The authors compute critical groups at infinity (a notion introduced by Bartsch-Li in [T. Bartsch and S. J. Li, Nonlinear Anal., Theory Methods Appl. 28, No. 3, 419–441 (1997; Zbl 0872.58018)]) of the asymptotically quadratic functional \(F(u) ={1 \over 2}(Au,u) +G(u)\) on a Hilbert space \(H\), where \(A\) is a bounded self-adjoint operator on \(H\) and \(G\in C^ 1(H,{\mathbb R})\) satisfies \({{| G(u)| }\over {\| u\|^ 2}} \to 0\) as \(\| u\| \to \infty\).
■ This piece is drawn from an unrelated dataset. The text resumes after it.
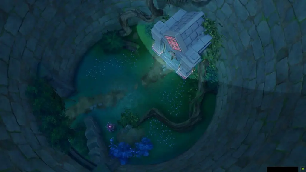 After unlocking the door, enter the next room and climb up the wall on the right side to reach the upper floor. On this floor interact with the switch on the corner as shown below to unflood the pool and reveal the door of the domain. Now you can simply go to the domain entrance and interact with it to unlock the domain.

They allow the nonlinearity to grow faster than sublinearly as they require the compact subdifferential \(g\) of \(G\) to satisfy \({{\| g(u)\| }\over {\| u\|}} \to 0\) as \(\| u\| \to \infty\). The case of sublinear growth at infinity \(\| g(u)\| \leq (\| u\|^ \alpha + 1)\) for \(\alpha \in (0,1)\) was treated by Li-Liu in [S. J. Li and J.Q. Liu, Houston J. Math. 25, No. 3, 563–582 (1999; Zbl 0981.58011)].
As applications, some existence theorems for asymptotically linear elliptic boundary value problems at resonance are proved.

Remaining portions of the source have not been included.